Review: “The Burnt Orange Heresy” (2020)

This is a canvas that should have remained blank for the sake of women everywhere.

Do you ever go to a museum and look at art and try to pick out the same meaning from a piece that everyone else does, but you can’t, so you just find yourself nodding along with what the people around you are saying in an attempt to look smart? That was the overall impression that The Burnt Orange Heresy left me with when I saw it as part of the Sackville Film Society’s fall season this past weekend: a film that is trying to say something important about art and ambition but is far from the masterpiece it makes itself out to be. 

 

Burnt Orange Heresy is based on the novel of the same name by Charles Willeford and stars Claes Bang as the charismatic art critic James Figueras, who travels to a luxurious Italian estate owned by Joseph Cassidy (Mick Jagger) with the young twenty-something he met just a few days before, Berenice Hollis (Elizabeth Debicki). Cassidy informs James that living on his estate is reclusive but renowned artist Jerome Debeny (Donald Sutherland), and James is given a simple task: get the newest Debeny painting, no matter the cost. While the premise sounds promising, the movie fails to deliver on several counts.

 

First, there is the poorly-written dialogue. It’s hard to say whether a bulk of the dialogue came from the original Willeford novel or if it was a mix of Willeford and Scott Smith, the screenplay writer, but whatever the case is, the dialogue is exactly the metaphor I mentioned earlier: it’s like someone standing in front of a painting at a museum pretending they know what they’re talking about when they don’t.
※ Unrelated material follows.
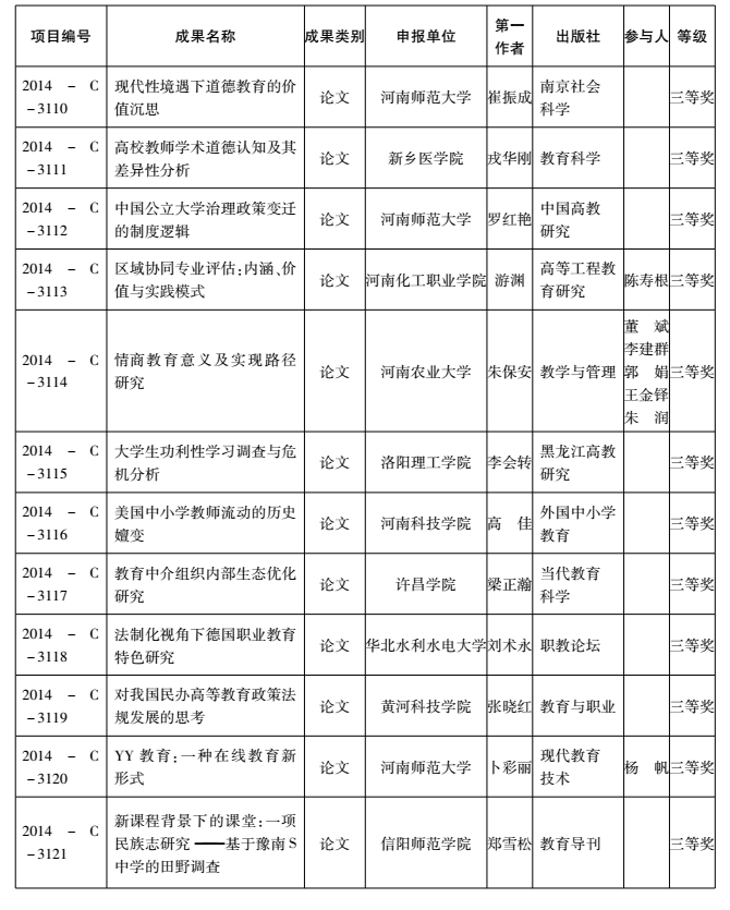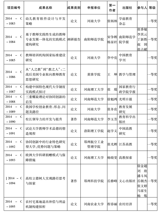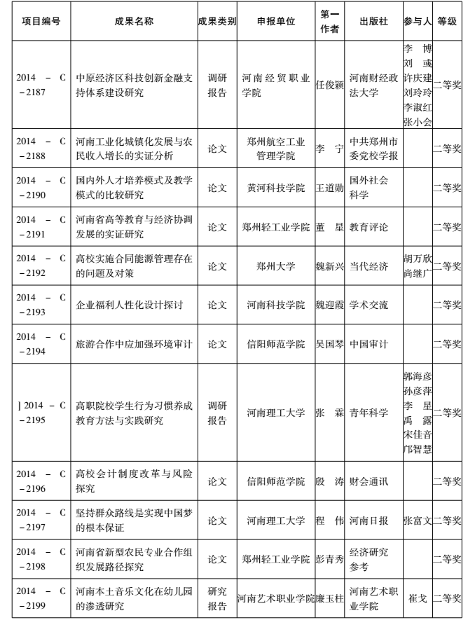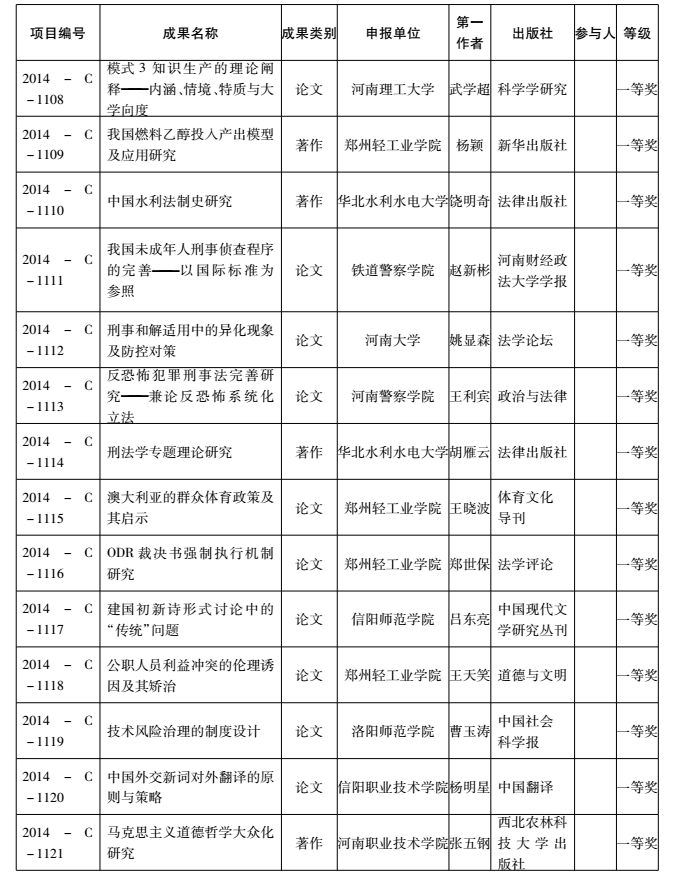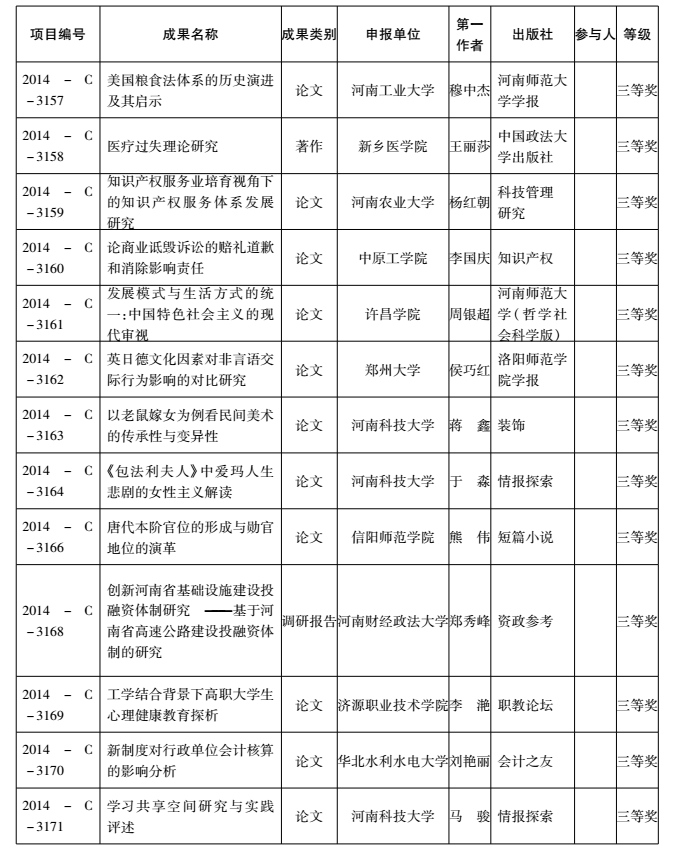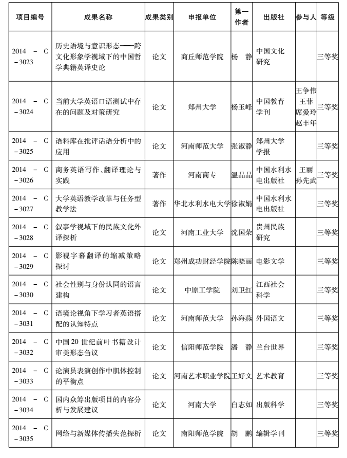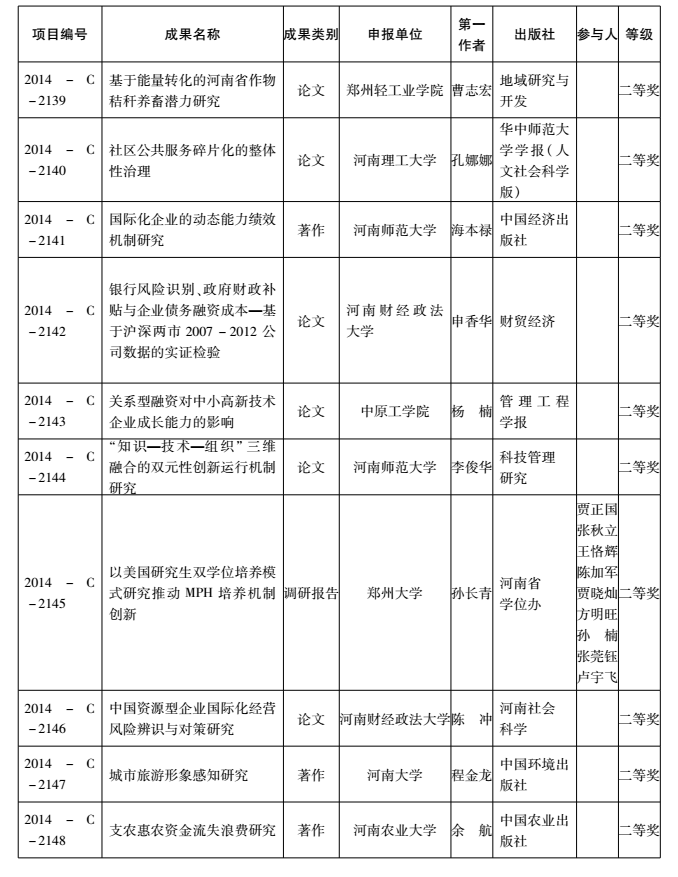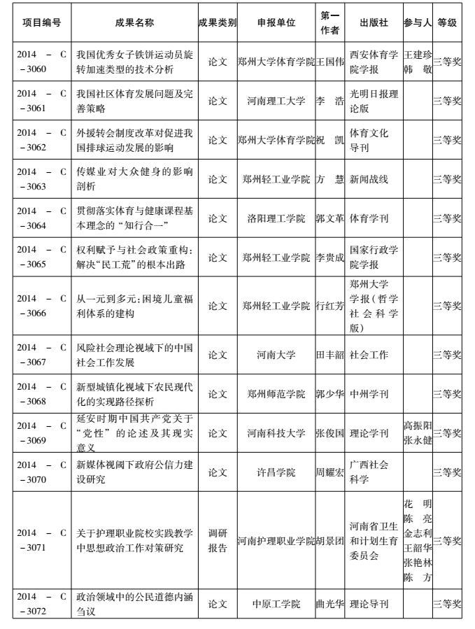 2014年度河南省教育厅人文社会科学研究成果奖获奖名单

As I remarked to my friend who sat next to me when we had left the movie, I could have watched the movie on mute and still followed the story while having a much better time because I wasn’t hearing derivative and occasionally silly ponderings on the meaning of certain colours. 

 

Secondly, there is a lack of plot resolution. James mentions to Berenice after their first night at Cassidy’s estate that he had a dream that Cassidy was paying her to spy on him and Berenice denies it. We never find out if she was telling the truth or not. We never find out why Berenice had left her small town, we never find out what mistake she made to land her there, and we never really find out why Cassidy wants the Debeny painting to begin with (although it can be inferred that Cassidy wants it because the painting would be worth a lot of money, but wouldn’t he get a cut of the money anyway since he’s Debeny’s patron? Why take it as your own?). Also, we never see any of Debeny’s original works, so how are we to know if the artwork was as good as people say? 

 

And finally, there is the very poor treatment of Berenice’s character overall. Debicki does a good job with what she is given, but not only is her character consistently belittled by James, she is also taken advantage of by James in both her complacency with the plan she knows nothing about because James never tells her anything about what he’s doing. The camera also lingers on her far too often, even when the conversation is happening around her (though she may interject with pleasantries once or twice) and forcing you to look at her when the scene has nothing to do with her. This wouldn’t be a good look for any female character in any movie, but when yours is the only female character in the entire movie, it is unforgivable. I won’t get into what really left a bad taste in my mouth regarding her character, as it is a relatively big spoiler, but I would recommend looking up the term ‘fridging’ if you want to get a sense of what Berenice’s character ends up going through by the end of the movie. 

 

I would put this terrible treatment down to the fact that she was a stereotypical character originally written by a man, added onto by a man, the male producers signed off on it, and the male director went along with it. Burnt Orange Heresy is a perfect example of why, if you’re going to have women in your movie in 2020, you need women behind the camera and in the writer’s room. Why? To make sure their characters actually have depth and good dialogue that doesn’t read as flat, inconsistent, and… well, like it was written by someone who has no idea how real people talk to each other. 

 

The one thing that saves the movie is Donald Sutherland. His scene in particular when he finally shows James and Berenice his studio is the best part of a movie that he should have been in more than he was. The movie’s focus is James, but with Sutherland playing the artist at the center of the story, he should have gotten just as much if not more screen-time. 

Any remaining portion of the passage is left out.